Put players, specifically, have set their sights on BTU's weekly 3/13 and June series of options. In the former, buy-to-open activity has been detected at the 6.50 and 7 strikes, while it appears new positions are being purchased at the 4 and 5 strikes in the latter. By initiating the puts, speculators expect BTU to settle south of the strike prices at the respective expiration dates.
Today's pop in put volume just echoes the withstanding trend witnessed in the stock's options pits. At the International Securities Exchange (ISE), Chicago Board Options Exchange (CBOE), and NASDAQ OMX PHLX (PHLX), for example, the equity's 10-day put/call volume ratio of 1.03 rests higher than 79% of similar readings taken in the past year.
Echoing this put-skewed bias is BTU's Schaeffer's put/call open interest ratio (SOIR) of 1.03, which ranks in the 92nd annual percentile. In other words, short-term speculators have been more put-heavy toward the security just 8% of the time within the past year.

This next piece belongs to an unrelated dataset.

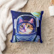 Travesseiro em um astronauta gengibre giro em um traje espacial, contra o espaço exterior, com a Terra ao fundo
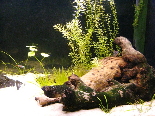 Μετα απο αρκετο καιρο, παρελαβα επιτελους μερικα φυτα για να γεμισω το ενυδρειο μου και να νοιωσουν λιγο πιο ανετα τα ψαρακια. Μετα την αλλαγη της αμμου τα ψαρια ηταν πολυ στρεσαρισμενα και σπανια κυκλοφορουσαν καθως προτιμουσαν να μενουν κρυμενα κυριως κατω απο την ανουμπια. Την τελευταια εβδομαδα ομως η συμπεριφορα τους εχει βελτιωθει κατα πολυ και μπορω να πω οτι νοιωθουν αρκετα ανετα.

Outside of the options pits, however, there is still plenty of room on Peabody Energy Corporation's (NYSE:BTU) bearish bandwagon. Among covering analysts, 44% maintain a "buy" or better rating, while the average 12-month price target of $9.85 stands at a 46.6% premium to current trading levels. Going forward, another round of downwardly revised analyst notes could create additional headwinds for the shares.